Assim partiram pelos caminhos mais sombrios das matas e pinhais para fugirem ao calor de um Sol que já se mostrava por cima da copa das árvores impiedoso, em direcção ao ponto de encontro. Pelo caminho muitos outros se forma juntando, também homens a cavalo, carroças puxadas a bois com armas e barris de vinho e outros mantimentos, de forma que passada a manhã a andar de passo mais lento quando decidiram merendar já seriam mais de cinquenta e muitos se foram cumprimentando e abraçando por serem vizinhos e amigos nas redondezas.

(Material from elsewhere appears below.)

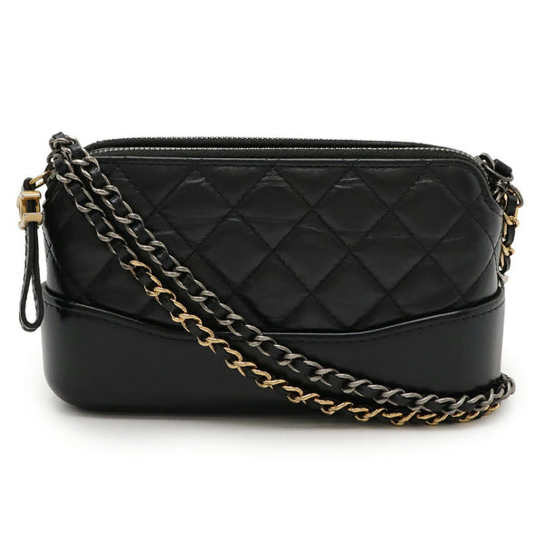 CHANEL Gabrielle de Chanel Matelasse Chain Clutch/Shoulder Bag/Pochette in Black Calfskin A94505

Havia sorrisos e boa disposição. Passado o calor maior puseram-se a caminho e foi já ao lusco fusco que alcançaram as imediações de Alcobaça e a alegria de chegar foi subitamente interrompida por um tropel de uns cinco cavaleiros montados nos seus ginetes de guerra com armaduras reluzentes e longos montantes presos nas garupas das montadas cobertas com panos brancos e cinza e um trazia a bandeira com o escudo português enquanto outro o brasão de armas.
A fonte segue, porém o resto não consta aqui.